There’s this new drama serial playing on our shores starting yesterday and can I say I hate it? I hate it because it’s too close to reality and shouts things out in my face that I don’t want to face.
There I was, happily stuffing my face with Cheetos and the scene cuts to where a kidney patient refusing to go for his dialysis session because he found out that his ex-girlfriend was getting hitched. So he laments how his life sucks balls and how it all went downhill and how it all started after he was diagnosed with diabetes.
Mid-Cheetos bite, I froze. I know I’m supposed to watch what I eat but snacking isn’t exactly the most heinous thing I’ve done in my life. I’ll have to say though, that it was a very successful appetite suppressant for I totally lost all feel for snacking. Then I whined to X about it and he told me to occupy myself with other things for the one hour that serial plays every night until it ends its run.
But because I’m such a rebel by nature (and really because it’s prime time), I watched it again today. Obviously the phrase once bitten twice shy works nothing on me. Today, the female lead has acute kidney disease and needs to be on long-term dialysis and her asshole of a boyfriend does an amazing act of Houdini because he’s such a fucking coward for not being able to tell her he wants out. Even his parents who previously were soooo fond of the girl suddenly treat her like some pariah and encourages their bastard son to ditch her.
Must be some good acting seeing how worked up I am. In reality, I’ve been in a similar situation. Even though it’s been more than a decade, I cannot get it out of my head.

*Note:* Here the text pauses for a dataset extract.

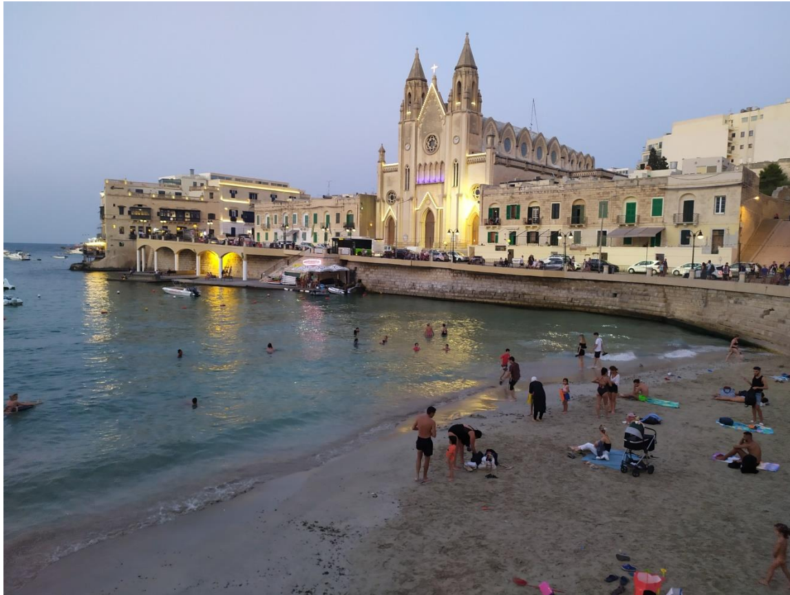
Sliema, kościół przy zatoce. Sliema, the church by the bay.

Once upon a time when I got together with my ex, I wanted him to tell his parents about my condition (which he hesitated because he didn’t think we were going to last anyway) so that I wouldn’t have to hide each time I needed my jab or not being able to eat certain stuff. The moment he broke the news, his wonderful person of a father spat out “Of all the girls in Singapore, why did you choose someone with an illness?”. Yup, that totally was not hurtful at all. Bear in mind I was at a tender age of 18 and was just recently diagnosed and therefore already felt terrible about myself. Then this mature adult made such an insensitive comment which obviously wasn’t filtered through that thick numbskull of his.
Obviously I was damn affected and I sobbed and sobbed. I didn’t even ask for this illness in the first place, so why pick on me like that? After that relationship ended, I did date a few more guys. Each time I broke the news, they all seemed to suddenly become the protégés of David Copperfield. Didn’t even have the balls to tell me to my face. Motherfuckers.
I used to get really upset until my mother told me, “All parents want the best for their children, so you cannot blame them for not accepting you. If you were healthy, I’d also not want you to be burdened by an ill person.”
It all made sense then. Which is why I’m so convinced (and accepted) that I’ll be forever alone with maybe my cats for company. I have to admit I teared watching it earlier because it dredged up those unwanted memories I try so hard to forget. And it also reminds me of my indefinite life sentence. Because I’ve been diagnosed young and I’m not exactly the most disciplined person around, I’ve been living with diabetes for 14 years this year. Statistically speaking, the onset of complications can start any time. Any time. It’s like the beginning of the end is hovering around, just waiting for me to be unaware before it springs it’s surprise on me.
I know this post is way too long, and I apologise if one gets a headache from reading this but this topic always sets me off to write/ speak as if I was attempting to break a Guinness record.